La musica di KAZE spazia tra italiano e francese, tra influenze RnB e cantautorato nostrano. I suoi interessi personali coprono tematiche sociali, ma anche moda e arte.
Dopo il suo primo progetto “AILLEURS” seguono i singoli “Come fa“, “Stormi” e “Volevo portarti al mare“.
Nel 2022 ha portato la sua musica in tour, partecipando anche al MI AMI Festival, a Spaghetti Unplugged e all’evento “New Attitude” di Adidas Italia. Lo stesso anno Apple Music la inserisce nel programma “UpNext” a supporto dei giovani talenti, culminato in un live all’Anfiteatro del Liberty a Milano. A dicembre viene scelta da EQUAL (Spotify Italia) per aprire il concerto di Alessandra Amoroso al Palasele di Eboli.
Nel 2023 KAZE è tra i “Best Newcomers” di VEVO Italia. Attualmente è al lavoro sul suo disco d’esordio.
KAZE è l’artista del mese di maggio di MTV Push Italia.
Inoltre, Mahmood, ospite della serata finale dell’Eurovision Song Contest 2023, canterà Imagine, il brano simbolo di John Lennon.

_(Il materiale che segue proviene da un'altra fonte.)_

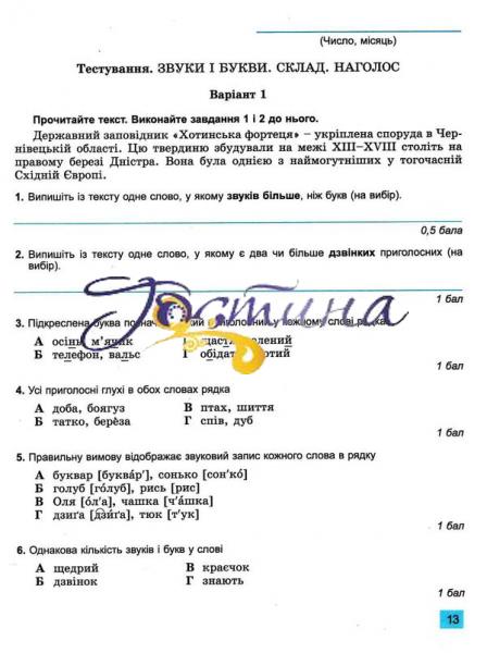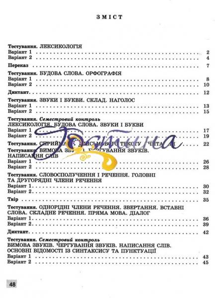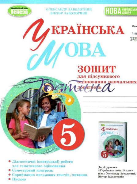 Посібник містить діагностичні (контрольні роботи), за допомогою яких можна оцінити навчальні досягнення учнів та учениць з української мови. Кожна робота для тематичного оцінювання та робота для семестрового контролю складається з 12 завдань різного виду і подана у двох варіантах. Біля завдань указано максимально можливу кількість балів за виконання. Для перевірки правописних навичок у зошиті передбачено місце для диктанту. Для оцінювання вміння логічно й зрозуміло викладати думки, доречно вживати слова, грамотно писати учням та ученицям пропонується написати переказ та твір. Крім оцінювання роботи за 12-бальною шкалою, учитель / учителька може висловити загальне враження від діяльності учнів / учениць. Для цього в кінці кожної роботи запропоновано словесні характеристики, біля яких учитель / учителька за бажанням поставить одну або кілька позначок.

La notizia è stata ufficializzata da Claudio Fasulo, Vice Direttore Intrattenimento Prime Time.
“Grande responsabilità per un brano che visto il periodo che stiamo vivendo assume un valore particolare.”
In occasione dell’annuncio del suo ritorno sul palco eurovisivo dopo due partecipazioni in gara (secondo a Tel Aviv e sesto a Torino in coppia con Blanco) Mahmood scrisse sui social.
“Sono molto felice di tornare a Eurovision. Ringrazio gli organizzatori che mi hanno invitato come ospite ed è un grande onore per me. Non vedo l’ora di salire su quel prestigioso palco davanti a una platea unica al mondo.”
Come spiegato direttamente da BBC, durante l’Interval Act della serata finale ci sarà il nostro Mahmood insieme a rappresentanti di altri sei paesi Netta (Israele), Daði Freyr (Islanda), Cornelia Jakobs (Svezia), Duncan Laurence (Paesi Bassi) e Sonia, rappresentante del stesso Regno Unito, che torna sul palco a distanza di trent’anni dal secondo posto.
L’intervento di questi sei artisti sarà finalizzato a omaggiare la città di Liverpool e le sue eccellenze musicali, tra cui i Beatles e, appunto, John Lennon.
Mahmood canterà “Imagine”, iconico brano pubblicato l’11 ottobre 1971 come estratto dall’album omonimo e co-prodotto da Lennon e Yoko Ono insieme al produttore discografico Phil Spector.